Фамилия у человека ласковая, хоть за пазуху сажай с такой фамилией, да и вид у него, надо сказать, довольно благообразный. Особенно когда он в духе и начнет о чем-либо таком толковать да разойдется… Тут он тебе и горбиться перестанет, и узенькую бородку клинышком, которой то и дело потряхивает, приподнимет чуть ли не выше длинного носа, и голос у него зазвучит по-особому. Обычно он у Травушкина нудный и со старческим скрипом, а тут куда что денется и что откуда возьмется — и окрепнет, и в то же время станет мягче и как будто моложе. Говорит в такие минуты Травушкин складно и не то чтобы торжественно, но все же с какою-то задушевною ноткой, которая тоненько зовет тебя непременно прислушаться… Рывком опустит голову вниз, глянет на тебя сквозь очки с толстенными стеклами, одним пальцем их у переносья поправит и опять запрокинет бородку, вскинет раскрытую ладонь, и из рукава приподнимется манжета с округлыми краями и со старинною запонкой. И опять зальется: «Известно ли молодым людям: когда варвары ворвались в Рим, сенаторы встретили их не шелохнувшись и в полном молчании, так что их сперва даже и не тронули, посчитав существами…»

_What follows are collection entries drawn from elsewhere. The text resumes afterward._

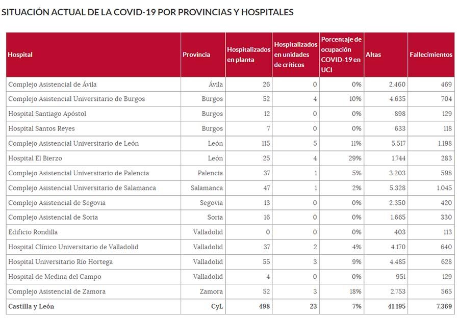 Por su parte, la ocupación de camas por pacientes con COVID-19 en planta se sitúa en el conjunto de la Comunidad en el 8,25 % (riesgo medio). Por encima se encuentran Zamora (14,36 %) y León (11,05 %, en riesgo alto, mientras que Segovia, con el 4 %, continúa en riesgo bajo. El resto de las provincias se encuentran en riesgo medio con Palencia a la cabeza con un 8,58 %, seguida de Valladolid (7,31%), Ávila (7,22 %), Burgos (7,16%), Salamanca (6,58 %) y Soria (5,84 %).
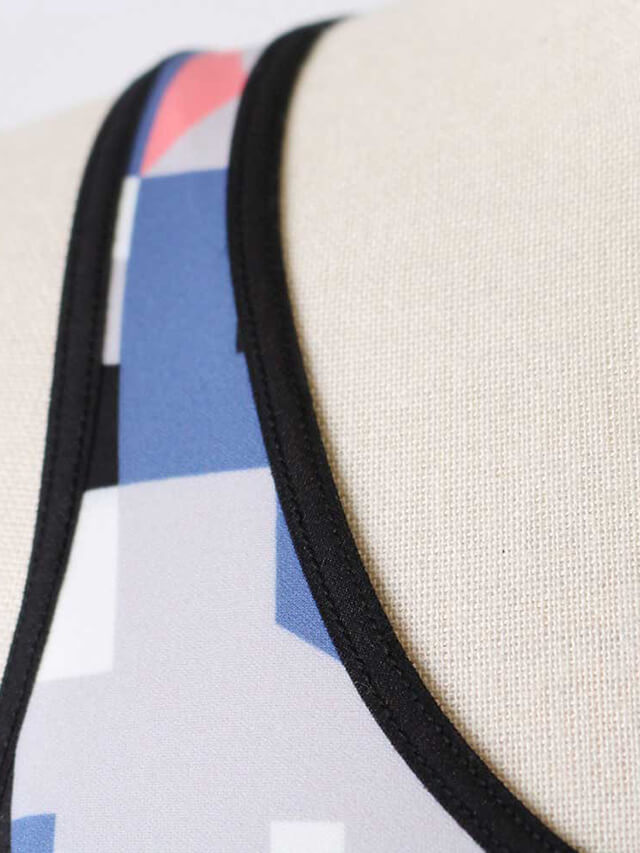 グラズ・レスピレのアイコン的存在でもある「タウン柄」プリントのブラトップ。このプリントはブルックリンの街のいびつなビル・窓の形をイメージしてます。
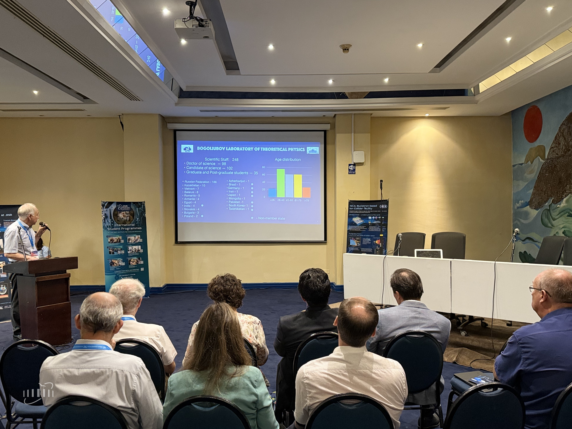 The workshop programme included talks on all major areas of research at JINR’s laboratories. The Institute was represented by Vice-Director Latchesar Kostov and leading scientists: Dmitry Kazakov (BLTP), Sergei Shmatov (MLIT), Aleksandr Bugay (LRB), Alexander Karpov (FLNR), Sergey Kulikov (FLNP), Viktor Riabov (VBLHEP), Alexey Guskov (DLNP), and Alexey Zhemchugov (DLNP).
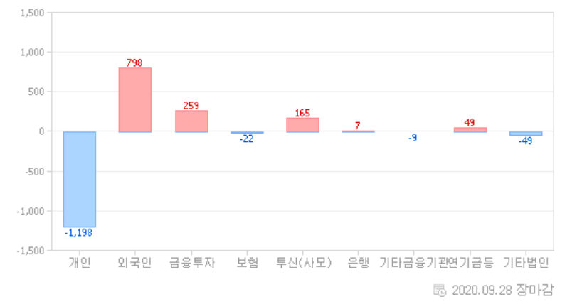 그동안의 낙폭이 너무 과했을까요? 추석 연휴 2일 전인 오늘은 몇 가지 우려와 달리 코스피(1.29%), 코스닥(3.42%) 모두 상승하면서 지난 금요일부터 반등을 보여주는 하루였습니다. 코스피는 20포인트 정도 갭상승을 두고 출발했으며, 코스닥 시장도 상승 출발을 하면서 오늘 하루 시간이 흐르면서 점점 상승픅을 키워가는 모습이었습니다. 오늘은 기관이 오랜만에 순매수로 돌아서면서 시장의 상승을 주도했습니다. 여러 가지 굵직한 대외 이슈 와중에 오늘 국내 코로나19 확진자수는 50명으로 사흘째 두 자릿수를 유지하고 있습니다.
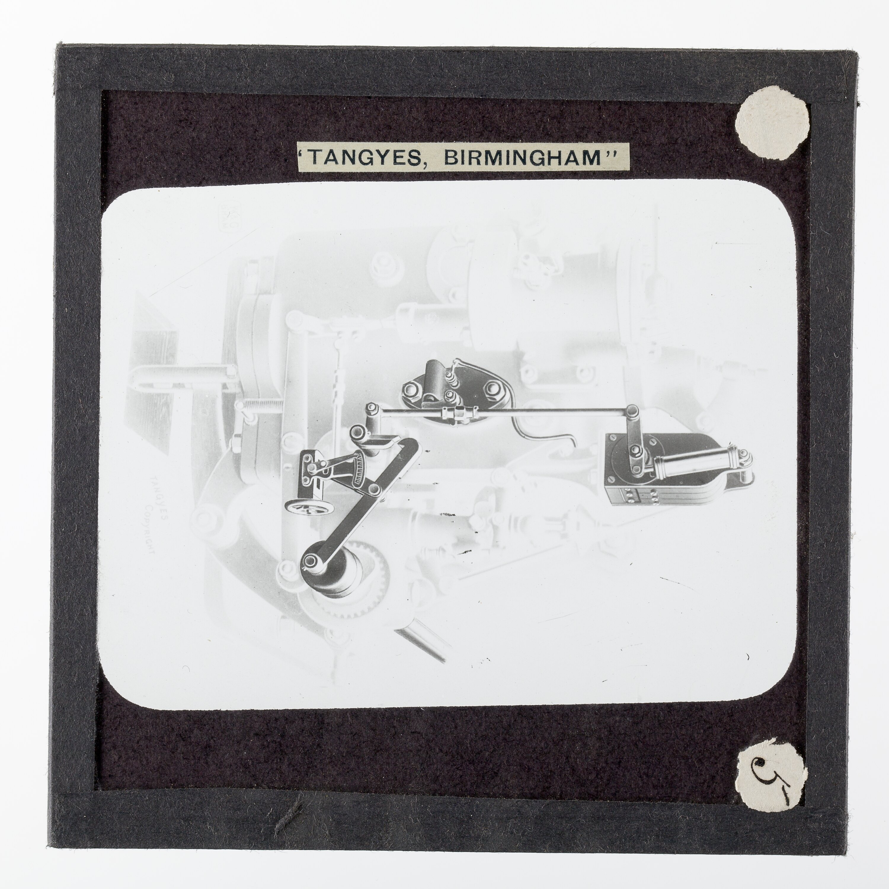 One of 239 glass lantern slides depicting products manufactured by Tangyes Limited engineers of Birmingham, England. The images include various products such as engines, centrifugal pumps, hydraulic pumps, gas producers, materials testing machines, presses, machine tools, hydraulic jacks etc. Tangyes was a company which operated from 1857 to 1957. They produced a wide variety of engineering products exported worldwide including Australia and other British colonies.
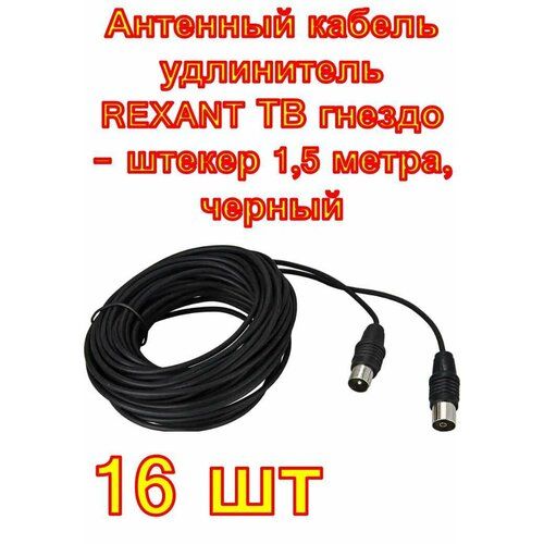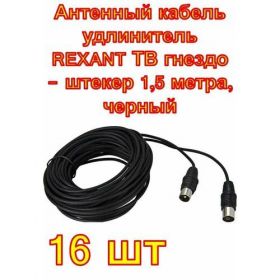 НАЙТИ ВЫГОДНЕЕ - Антенный кабель удлинитель REXANT ТВ гнездо - штекер 1,5 метра, черный ,16 штук
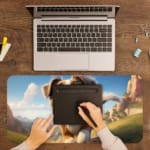 There is a little brown and white dog on the Infidu desk mat that looks happy and excited. Behind the subject is a soft, light-colored scene with gentle hills or mountains, a blue sky, and a few soft clouds. The design is happy and light, and the color scheme is mostly soft blues, greens, and earthy tones. The skilled digital artists who made this high-quality desk mat added a fun and cute touch to your workspace. Get it now to make someone happy!

А теперь представьте себе: на этом самом месте заденет его плечом какой-нибудь без году неделя такелажник, заботливо скажет: «Закрой варежку, папаша, подвинься, будем кислород принимать…»
Потому что разглагольствует Травушкин не в Доме культуры вечером, а в первую смену на конверторном, где-нибудь на отметке семьдесят, когда кто из молодых да ранних монтажников на спор окликнет его, спросит о чем-либо позаковыристей да тем и подзаведет…
Поскучнеет Травушкин и сразу сделается другим человеком. Худые свои мослатые плечи приподнимет так, что другой раз покажется, будто торчат они выше головы, которую он опустит и на километр вытянет. Недаром смеются: показался из-за угла длинный нос и козлиная бороденка — через полчаса жди куратора. Правда, прибаутку эту можно истолковать по-другому: среди бригадиров ходил упорный слух, что Травушкин будто бы очень любит подглядывать. Придет на объект, посмотрит, что к чему, там и там-то велит поправить, скажет, что через пару часов вернется. А сам будто бы незаметно — шасть за ближнюю колонну. Стоит, все видит, и ты потом, хоть разорвись, ничего ему не докажешь, если на самом деле пальцем о палец не ударил. Приемку подписывать не станет ни за какие деньги, для переделки накинет теперь уже не день-два, хорошо если не неделю.
Рассказывают, хотели его от этой привычки отучить. Один бригадир будто бы заметил его за штабельком, но не подал и вида, а потихоньку послал бетонщика с отбойным молотком — обойти Травушкина с тыла. Тот и подкрался сзади, пристроил отбойный молоток прямо у куратора под ногами. Включил его, и тот забил, что крупнокалиберный пулемет… Травушкин из-за штабеля выскочил, как ошпаренный, потом будто бы приостановился, дальше пошел неловкой походкою и тут же, известное дело, зачем, поехал домой, в поселок. Но кровь пить после этого не бросил, только и того, что дерганый стал пуще прежнего.